Blog

Notes from the Beanfield

Aug 10, 2007

Artist and OSU professor Michael Mercil is in his second year nurturing The Beanfield, an organic public art project outside the Wexner Center on College Road. Click here to find out more about the Beanfield, which is growing thicker and taller by the day. Below are musings from Mercil's own Beanfield notebook from the last month or so, starting with the most recent entry.

Free offer
Returned yesterday from week in New York City, so now busy catching up in the field. Still picking beetles by the hundreds, but now also beans by the truckload. Free packs of seed will soon be available to Wexner Center visitors from a bowl placed inside near the information desk. Meanwhile, raw beans available to anyone I happen to meet.

Fair trade
The weather is hot and humid, and the plants have formed a near solid mass of green. Over the past two days I harvested more than two bushels of beans, and not all varieties are yet producing. Beetles are most pesky high-up where they are difficult to reach.

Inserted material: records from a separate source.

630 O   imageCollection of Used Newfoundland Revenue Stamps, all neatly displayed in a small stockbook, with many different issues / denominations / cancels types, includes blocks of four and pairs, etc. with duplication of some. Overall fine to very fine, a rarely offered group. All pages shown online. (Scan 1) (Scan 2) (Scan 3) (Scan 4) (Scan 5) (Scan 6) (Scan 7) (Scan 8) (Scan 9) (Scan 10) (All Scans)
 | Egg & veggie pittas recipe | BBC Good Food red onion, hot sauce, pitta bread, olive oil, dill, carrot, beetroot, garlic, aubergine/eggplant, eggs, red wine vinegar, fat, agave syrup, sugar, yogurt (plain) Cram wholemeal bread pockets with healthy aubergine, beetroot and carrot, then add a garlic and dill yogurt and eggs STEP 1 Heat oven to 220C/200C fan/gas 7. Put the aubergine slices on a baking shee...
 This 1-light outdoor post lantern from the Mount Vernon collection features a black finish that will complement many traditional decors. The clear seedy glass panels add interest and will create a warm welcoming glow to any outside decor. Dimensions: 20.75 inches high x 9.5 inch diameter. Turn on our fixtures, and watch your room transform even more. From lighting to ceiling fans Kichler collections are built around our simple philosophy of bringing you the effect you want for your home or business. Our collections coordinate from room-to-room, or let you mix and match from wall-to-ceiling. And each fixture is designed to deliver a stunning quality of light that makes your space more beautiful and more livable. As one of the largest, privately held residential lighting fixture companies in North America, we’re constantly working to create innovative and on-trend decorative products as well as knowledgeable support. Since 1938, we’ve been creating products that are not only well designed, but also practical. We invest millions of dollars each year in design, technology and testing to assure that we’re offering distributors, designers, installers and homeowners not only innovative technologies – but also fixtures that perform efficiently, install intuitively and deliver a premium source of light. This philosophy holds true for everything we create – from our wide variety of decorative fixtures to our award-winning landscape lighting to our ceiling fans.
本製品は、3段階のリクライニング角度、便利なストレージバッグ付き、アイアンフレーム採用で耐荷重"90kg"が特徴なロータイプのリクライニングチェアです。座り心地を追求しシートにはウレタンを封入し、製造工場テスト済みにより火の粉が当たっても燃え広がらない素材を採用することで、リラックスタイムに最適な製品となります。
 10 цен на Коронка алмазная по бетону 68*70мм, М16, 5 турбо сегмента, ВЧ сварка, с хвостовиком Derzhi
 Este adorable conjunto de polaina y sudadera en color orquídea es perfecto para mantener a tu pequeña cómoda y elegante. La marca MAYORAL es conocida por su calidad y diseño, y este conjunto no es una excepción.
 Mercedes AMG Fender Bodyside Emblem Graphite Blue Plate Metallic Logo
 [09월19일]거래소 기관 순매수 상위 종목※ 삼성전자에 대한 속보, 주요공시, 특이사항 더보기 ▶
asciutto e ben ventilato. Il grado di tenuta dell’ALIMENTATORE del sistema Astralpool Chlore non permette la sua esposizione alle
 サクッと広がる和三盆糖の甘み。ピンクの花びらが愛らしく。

Slowly I pick my way through, across and along the rows, taking care not to damage the plants. In the soggy daytime air the broad green leaves scratch and cling to my skin, so now I wear a long-sleeved cotton shirt. My shirt and broad-brimmed hat might appear to be a costume, but form follows function and such clothes become my safety gear.

This morning I gave two sacks of beans to someone who afterwards brought me two ripe nectarines. They made a juicy instant picnic lunch.